Monday, October 12, 2009

Friends, Love, God

Sometimes I wonder if I expect too much out of my friends.

I know I am not perfect in any way. And some friends have seen a brutal side of me more than others. These are close friends...we know each other well.

Is it wrong for me to want them to acknowledge me when I walk in the room? Is it wrong to want to feel accepted and loved? Is it wrong to expect my friend to hug me when she comes and stands right by me. Is it wrong for me to smile and say “hey” and want them to look me in the eye and say “hi” back? When they leave, do they have to run out the door before I can notice? I want them to come over and say hi. I want them to come over and see me and love me for who I am.

I know Christ is the ultimate representation of love. Because no matter all our sins, he runs to us, embraces us, smiles us and says “hi” genuinely. Sincerely. Because He cares. He sacrificed everything for us.

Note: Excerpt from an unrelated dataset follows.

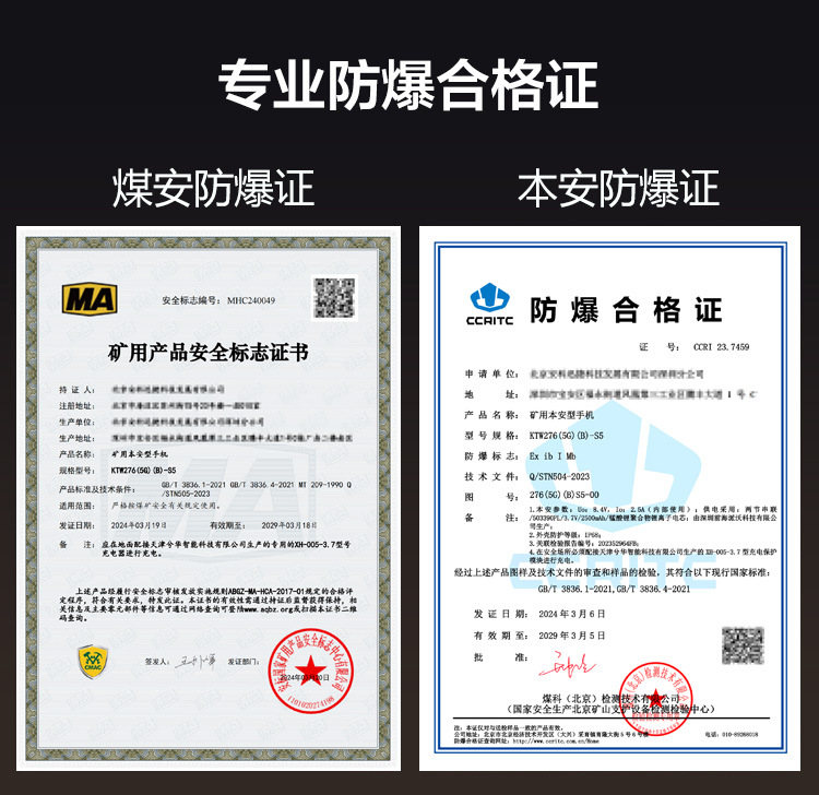 Anke Xunjie KTW276(5G)(B) -S5 석탄 안전 폭발 방지 휴대 전화 내국적으로 안전한 클래스 I 가스 폭발 방지 광산

I wonder if God ever feels the way I feel right now: like I am putting so much in and not receiving in return. Like I am loving with all I have and not being loved back. I know sometimes He does. My heart is breaking and I can only imagine how God's heart breaks for all of us sometimes. For all the times we ignore him, fail to talk to him, to praise him. His grace is without bounds and yet how often do we turn our backs to Him? But He is always there; the friend you can call at any hour, the friend who will embrace you when you are weeping, the friend who will lift you up when your world is crumbling.

I want to love other people the way He teaches us to.
I want to love Him back with all that I am.
And I want others to love me back. I do. Even though whether someone loves me has no bearing on whether I should love them.

And I know that even when they don't, I have the ultimate friend waiting for my call.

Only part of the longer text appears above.